When AC was used as a proxy of fetal size estimation [2], the proportions of small fetuses were low for both charts which may indicate the difficulty ultrasonography has in identifying small fetuses [15, 37]. However, the proportions of both small and large fetuses were higher with Intergrowth 21st equations than with Salomon equations and a similar trend was remarked with HC, suggesting the tendency of Intergrowth 21st equations to underestimate the size in small measurements and to overestimate it in high measurements [3, 34]. Thus, the choice of one or another of these references would implies very different medical interventions, follow-up, and resources allocation as well as stress put on patients [4, 27].

It is well documented that pregnancies affected by malaria, as in our study, are subject to fetal growth restriction [31, 38]. Thus, the number of small fetuses was expected to be high even if differences would be found between the charts.
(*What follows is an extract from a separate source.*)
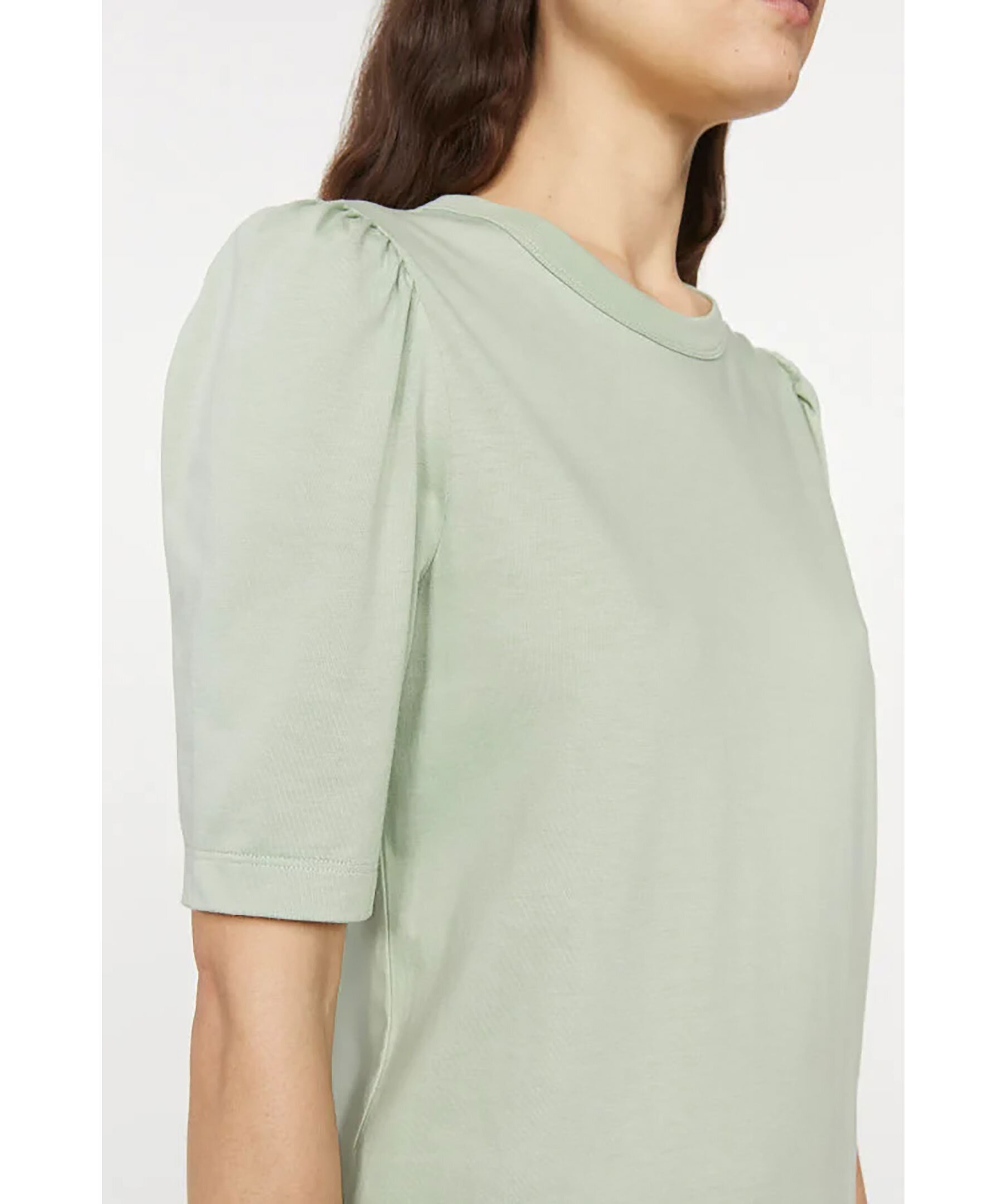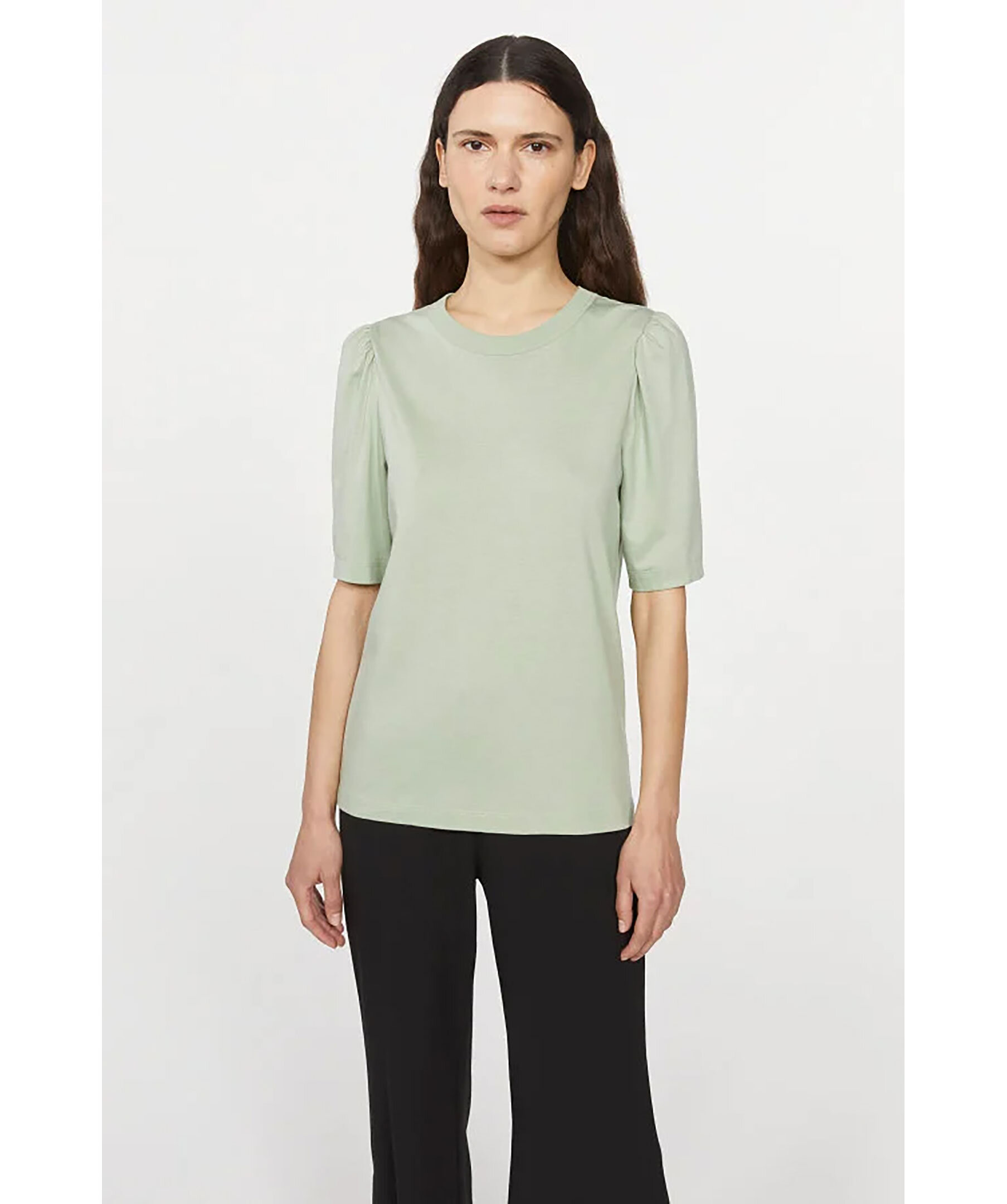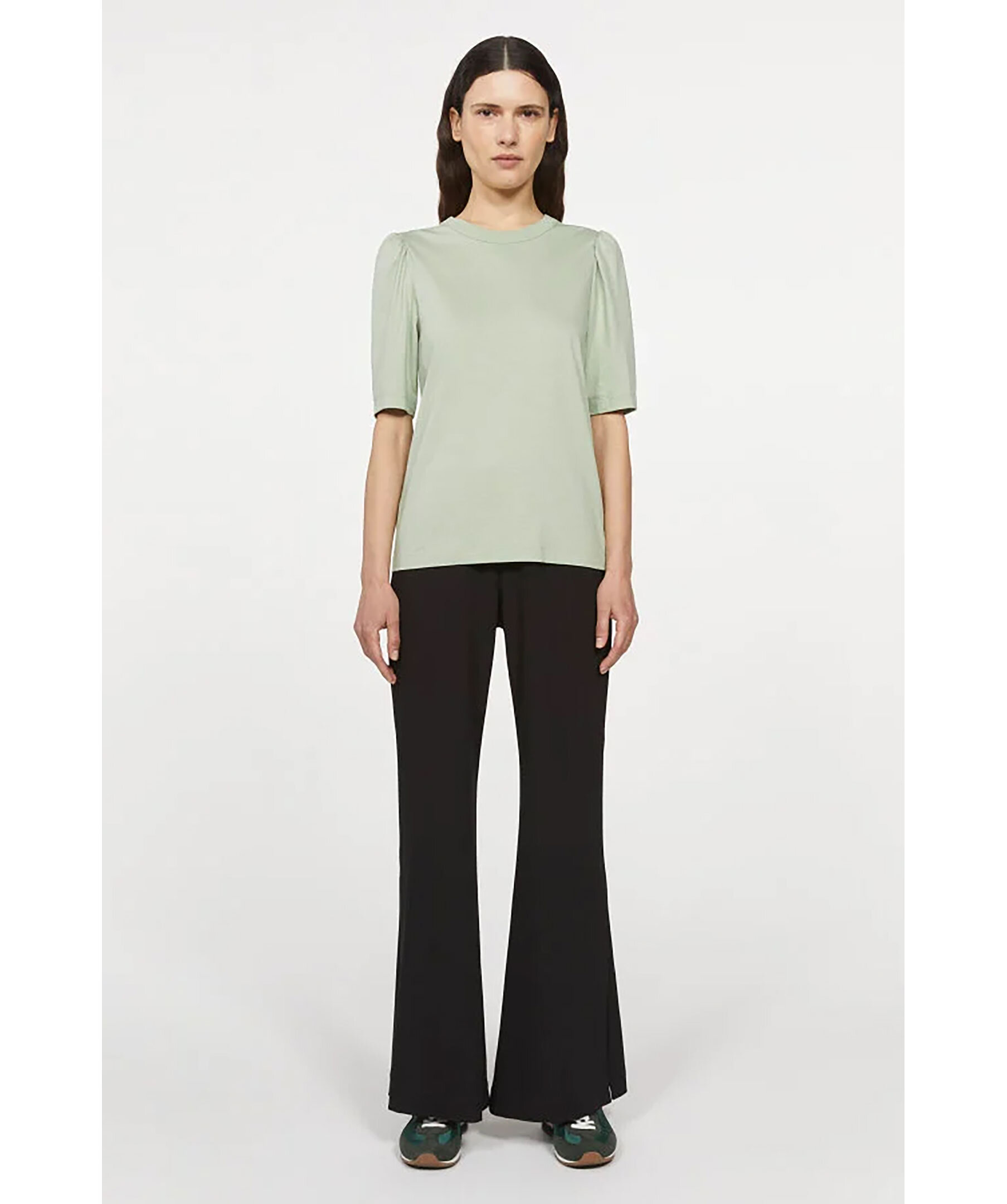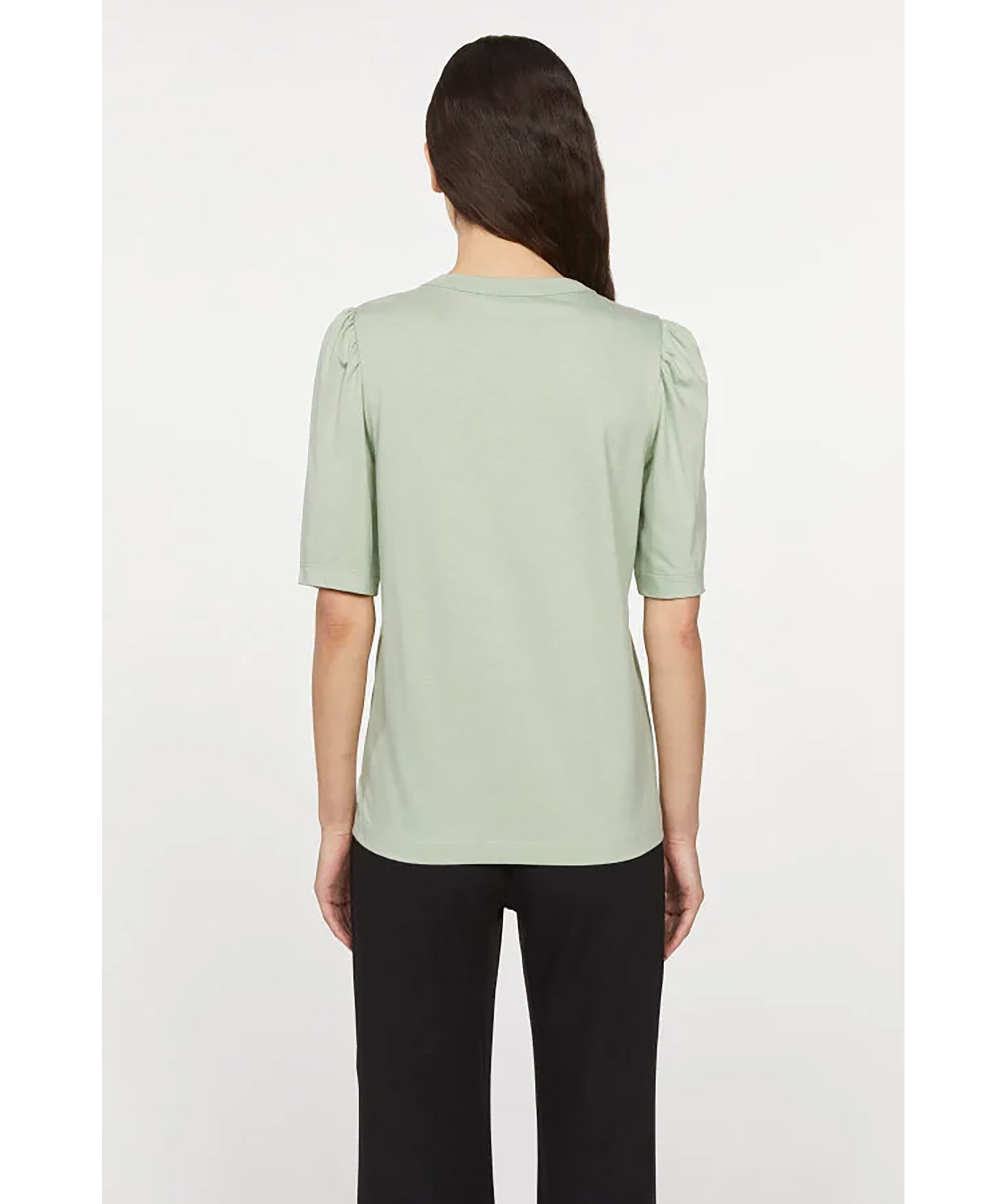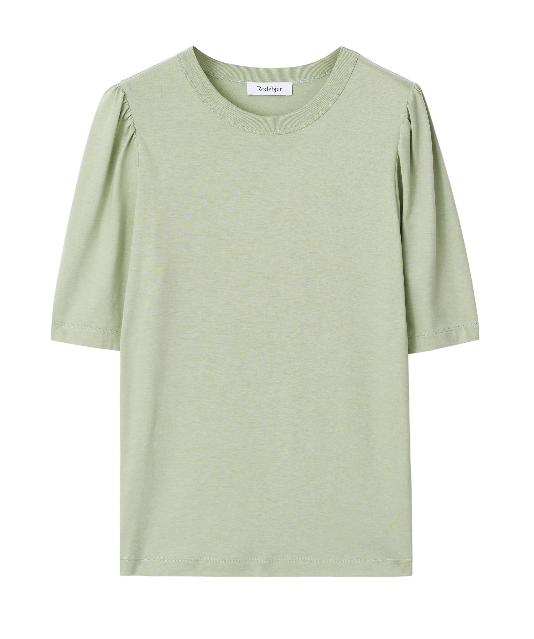 Klassisk jersey t-shirt i en salviagrön färg från Rodebjer. Skuren av mjukt lyocell och bomullsmaterial. T-shirten har något längre ärmar och puffiga axlar.

Surprisingly, this number was very low and the number of large fetuses was high. We suspect gestational age determination to be a possible cause of such situation. Indeed, pregnancies were dated late owing to the study design, [29] using a combination of fetal biometry measurements [33]. Late dating is less accurate than early dating. However, this is common practice in sub-Saharan Africa where almost three out of four pregnant women attend their first antenatal clinic during the second or third trimester, or not at all [39]. Although the combination of fetal anthropometric measurement is the recommended method at this stage of pregnancy, [40] it could produce redundant relationship when used for determining both gestational age and fetal size [4]. This is of particular concern in areas where malaria in pregnancy is common such as in Burkina Faso [41]. Gestational age could be underestimated in case of symmetric fetal growth restriction [33], hiding the adverse effect of malaria [42]. However, the difficulty for estimating the gestational age applies to both sets of equations when calculating z scores. Therefore, the differences between the charts are probably not due only to pregnancy dating problems, as shown by the positive and significant slopes in linear regressions. In addition, pregnant women included in this clinical trial, besides malaria, did not have any other chronic or major disease with adverse effect on fetal growth [29].

This is a post-hoc analysis and thus, has some limitations. Physicians performing the ultrasound scans are not professional sonographers even if trained ad hoc. In addition, the study design was not conceived to evaluate two different methods for the assessment of fetal biometry. Moreover, the use of European references equations may not be appropriate for African populations. Gestational age determined in late pregnancy is also another limitation because of less accuracy. Our study population prone to malaria was quite selected and this maybe introduce a bias. However, a recent study showed that the difference between the two charts remained while using fetal biometric measurements from pregnant women as healthy as those in the Intergrowth 21st study [43].

Conclusion

The agreement between Intergrowth 21st and Salomon equations, besides HC, was poor. This would imply different clinical decisions regarding the management of the pregnancy and the delivery. Encouraging women to attend antenatal clinics earlier and to use preventive measures against malaria such as long-lasting insecticidal bed nets, would probably be much more beneficial than just dating gestation or determining fetal size.